Down to the present day a non-Indo-European language, Basque, is spoken in Spain. Paleo-Sardinian survived down to the Common Era, and it too was not Indo-European. Similarly, non-Indo-European Pelasgian communities continued down to the period of city-states in Greece.

These long periods of coexistence point to the demographic equality (or even superiority) of the non-Indo-European populations. The dry climate of the Mediterranean peninsulas are not as suitable for cattle based agro-pastoralism. This may have limited the spread and dominance of Indo-Europeans. Additionally, the Mediterranean peninsulas were likely touched by Indo-European migrations relatively late. Much of the early zeal for expansion may have already dissipated by them. The high frequency of likely Indo-European R1b lineages among the Basques is curious, and may point to the spreading of male patronization networks, and their assimilation into non-Indo-European substrates where necessary. R1b is also found in Sardinia, and in high frequencies in much of Italy.

The interaction and synthesis between native and newcomer was likely intensive in the Mediterranean. For example, of the gods of the Greek pantheon only Zeus is indubitably of Indo-European origin. Some, such as Artemis, have clear Near Eastern antecedents. But other Greek gods may come down from the pre-Greek inhabitants of what became Greece.

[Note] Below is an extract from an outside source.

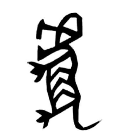 虎,在甲骨文里堪称一副要素齐全的素描。老虎的头、爪、身、尾一应俱全,而且非常准确地抓住了各部位的特征。巨口獠牙,利爪长尾,满身的斑驳花纹,仿佛猛虎下山一般,威风凛凛,气势逼人。

Ultimately these copious interactions and transformations should not be a great surprise. The sunny lands of the Mediterranean attracted Northern European tribes during Classical antiquity. The Cimbri invasion of Italy, Galatians in Thrace and Anatolia, the folk wandering of Vandals and Goths into Iberia, are all instances of population movements southward. These likely moved the needle ever so slightly toward convergence between Northern and Southern Europe in terms of genetic content.

In relation to the more general spread of Indo-Europeans, I believe there are a few areas like Northern Europe, where replacement was preponderant (e.g., the Tarim basin). But I also believe there were many more which presented a Southern European model of synthesis and accommodation.